Bapak merengut tetapi dia tak beranjak dari sisiku. Aku tahu, dia tak suka dengan Parno, lelaki yang aku gaji untuk mengantar Bapak ke sana-kemari sejak dia sakit. Meski fisik Bapak terlihat kuat, tetap saja dia sakit dan membutuhkan orang lain yang selalu berada di sisinya. Aku tidak mau menjadi orang itu.

“Bisa kau suruh Parno duluan saja? Aku rindu kau, Nin.”

Rindu yang Bapak ucapkan selalu membuat bulu kudukku berdiri. Rasa mual yang tak pernah bisa hilang jika Bapak sudah mengeluarkan kalimat itu membuatku menutup mulut kuat-kuat.

“Kita bisa ke tempat biasa, kan, Nin?”

“Bapak tidak takut mati? Tidak takut neraka? Umur Bapak tak lama lagi!” aku berkata ketus kemudian memelankan suara karena beberapa pasang mata melihat ke arahku.

“Umur hanya angka, Nin, tidak ada hubungannya dengan rasa rindu Bapak denganmu.”

“Sudahlah! Aku mau langsung pulang.”

“Nin ….”

“Aku tunggu di mobil.

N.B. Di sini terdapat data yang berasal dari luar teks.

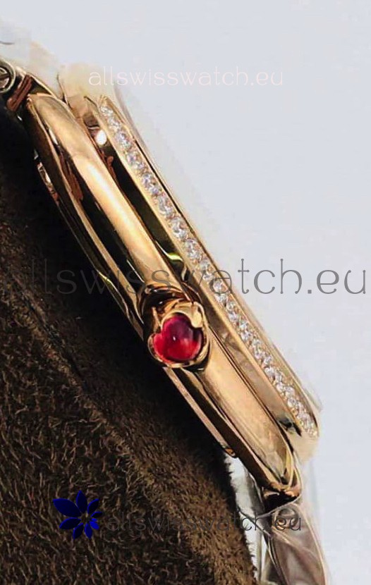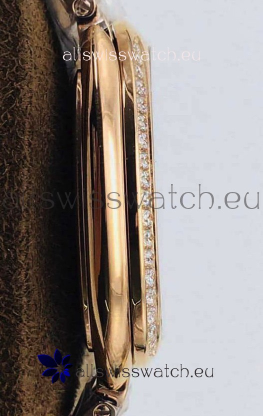 18K Rose Gold Plating on 904L Polished Steel Casing. Swiss Cut diamonds Bezel

Nanti Parno aku suruh ke sini.”

“Nin ….”

***

Padang, 29 Juni 2024

Rinanda Tesniana, pencinta hujan dan bubur ayam.

Komentar juri, Berry:

Kesan pertamaku setelah membaca cerita ini adalah betapa “buas” ide ceritanya. Sangat gelap dan menjijikkan. Rasanya seperti dicemplungkan ke dalam sumur yang lembab, basah, dan bisa kaurasakan banyak makhluk kecil tak kauketahui bergerak-gerak mengerubungi kakimu. Dan itulah yang membuat cerpen ini, paling tidak menurutku, tampak menonjol. Ia menawarkan sesuatu yang tidak ada pada cerita lain. Meskipun begitu, ide yang sangat berani ini terasa tidak seimbang dengan karakterisasi. Tiap tokoh adalah ekstrem, situasi yang mereka jalani adalah ekstrem, alur ceritanya pun ekstrem; sementara ruang menulis yang tersedia tidak memadai. Dan yang akhirnya terasa adalah pacing yang terlalu cepat.